Li Yali, Liu Suwei, Zhang Yan, Zhang Mengze, Jiang Chenyu, Ni Ming, Jin Dan, Qian Zhen, Wang Jiangxuan, Pan Xuemin, Yuan Huishu
Department of Radiology, Peking University Third Hospital, 49 Huayuan N Rd, Haidian District, Beijing, China (Y.L., S.L., Y.Z., CC.J., M.N., D.J., J.W., X.P., H.Y.).
The Institute of Intelligent Diagnostics, Beijing United-Imaging Research Institute of Intelligent Imaging, Building 3-4F, 9 Yongteng N. Road, Beijing, China (M.Z., Z.Q.).
Acad Radiol. 2025 Jul;32(7):4254-4265. doi: 10.1016/j.acra.2024.11.062. Epub 2025 May 2.
To explore the feasibility of deep learning (DL)-enhanced, fully automated bone mineral density (BMD) measurement using the ultralow-voltage 80 kV chest CT scans performed for lung cancer screening.
This study involved 987 patients who underwent 80 kV chest and 120 kV lumbar CT from January to July 2024. Patients were collected from six CT scanners and divided into the training, validation, and test sets 1 and 2 (561: 177: 112: 137). Four convolutional neural networks (CNNs) were employed for automated segmentation (3D VB-Net and SCN), region of interest extraction (3D VB-Net), and BMD calculation (DenseNet and ResNet) of the target vertebrae (T12-L2). The BMD values of T12-L2 were obtained using 80 and 120 kV quantitative CT (QCT), the latter serving as the standard reference.

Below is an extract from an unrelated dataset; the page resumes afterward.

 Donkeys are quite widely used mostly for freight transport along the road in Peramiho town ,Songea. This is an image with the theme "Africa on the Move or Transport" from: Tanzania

Linear regression and Bland-Altman analyses were used to compare BMD values between 120 kV QCT and 80 kV CNNs, and between 120 kV QCT and 80 kV QCT. Receiver operating characteristic curve analysis was used to assess the diagnostic performance of the 80 kV CNNs and 80 kV QCT for osteoporosis and low BMD from normal BMD.
Linear regression and Bland-ltman analyses revealed a stronger correlation (R=0.991-0.998 and 0.990-0.991, P<0.001) and better agreement (mean error, -1.36 to 1.62 and 1.72 to 2.27 mg/cm; 95% limits of agreement, -9.73 to 7.01 and -5.71 to 10.19mg/cm) for BMD between 120 kV QCT and 80 kV CNNs than between 120 kV QCT and 80 kV QCT. The areas under the curve of the 80 kV CNNs and 80 kV QCT in detecting osteoporosis and low BMD were 0.997-1.000 and 0.997-0.998, and 0.998-1.000 and 0.997, respectively.

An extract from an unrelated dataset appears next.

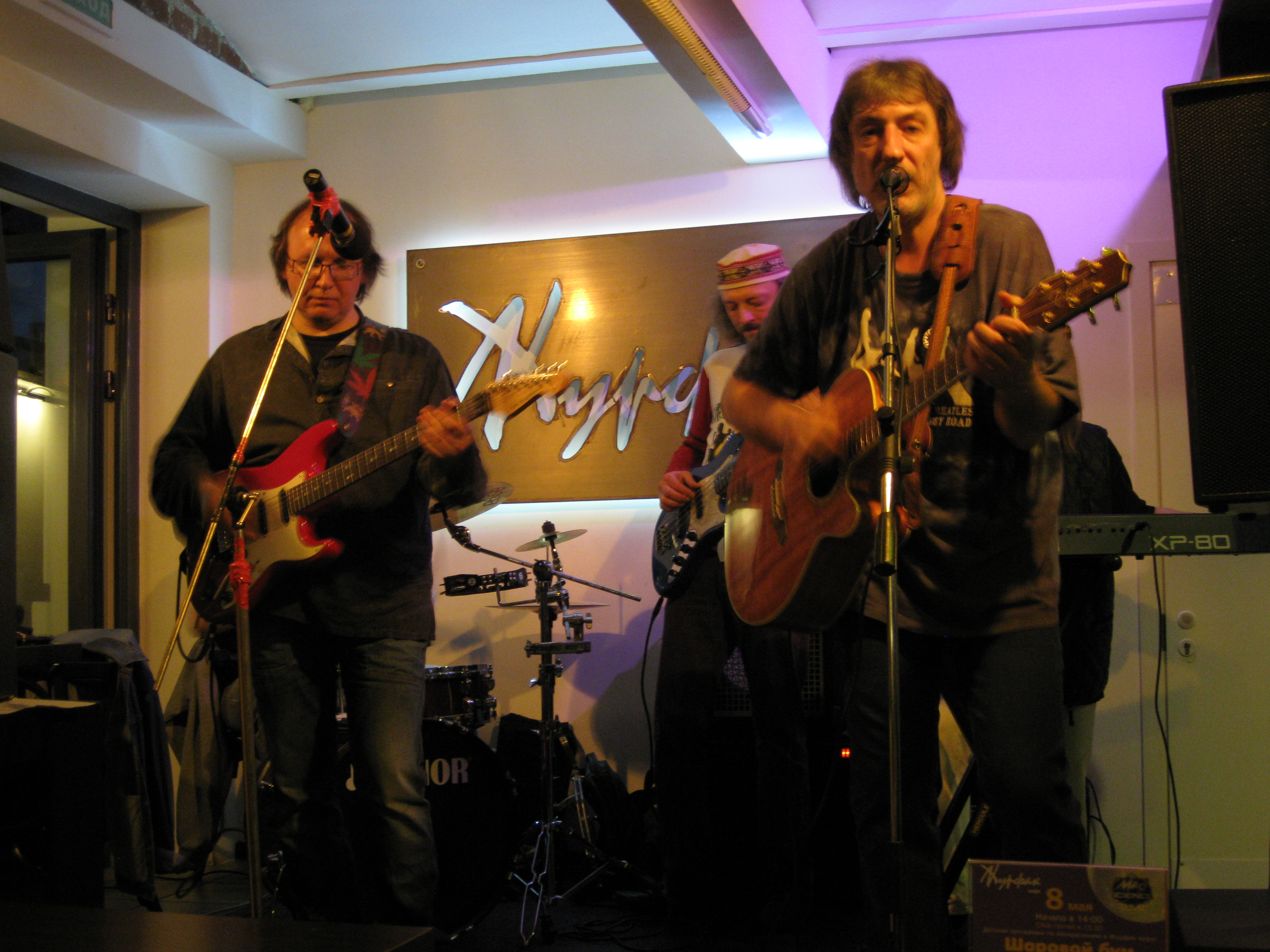 Optimalniy Variant in JurFak

The DL method could achieve fully automated BMD calculation for opportunistic osteoporosis screening with high accuracy using ultralow-voltage 80 kV chest CT performed for lung cancer screening.
探讨利用为肺癌筛查所进行的超低电压80 kV胸部CT扫描,通过深度学习(DL)增强的全自动骨密度(BMD)测量的可行性。

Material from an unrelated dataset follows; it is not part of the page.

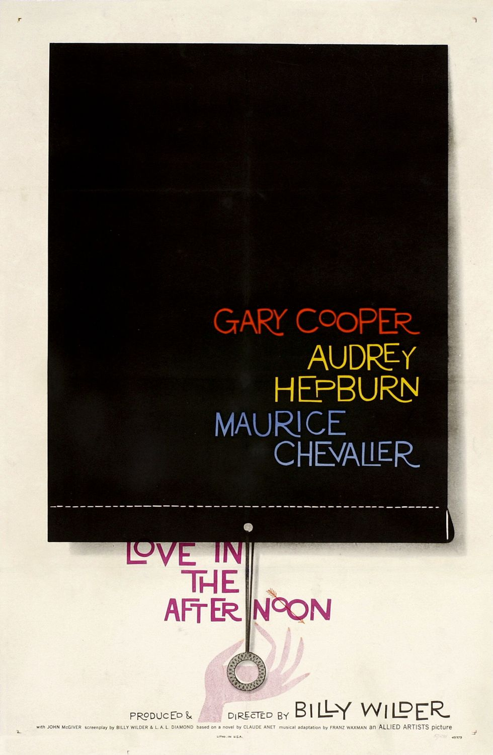 Love in the Afternoon (1957) movie poster. American release poster by Saul Bass.

本研究纳入了987例在2024年1月至7月期间接受80 kV胸部和120 kV腰椎CT检查的患者。患者来自六台CT扫描仪,并被分为训练集、验证集以及测试集1和测试集2(561:177:112:137)。采用四个卷积神经网络(CNN)对目标椎体(T12-L2)进行自动分割(3D VB-Net和SCN)、感兴趣区域提取(3D VB-Net)以及BMD计算(DenseNet和ResNet)。使用80 kV和120 kV定量CT(QCT)获取T12-L2的BMD值,后者作为标准参考。采用线性回归和Bland-Altman分析比较120 kV QCT与80 kV CNN之间以及120 kV QCT与80 kV QCT之间的BMD值。采用受试者操作特征曲线分析评估80 kV CNN和80 kV QCT对骨质疏松症以及从正常骨密度中鉴别低骨密度的诊断性能。
线性回归和Bland-Altman分析显示,120 kV QCT与80 kV CNN之间的BMD相关性更强(R=0.991 - 0.998和0.990 - 0.991,P<0.001)且一致性更好(平均误差,-1.36至1.62和1.72至2.27 mg/cm;95%一致性界限,-9.73至7.01和-5.71至10.19 mg/cm),优于120 kV QCT与80 kV QCT之间的情况。80 kV CNN和80 kV QCT在检测骨质疏松症和低骨密度时的曲线下面积分别为0.997 - 1.000和0.997 - 0.998,以及0.998 - 1.000和0.997。
DL方法能够利用为肺癌筛查所进行的超低电压80 kV胸部CT,以高精度实现用于机会性骨质疏松症筛查的全自动BMD计算。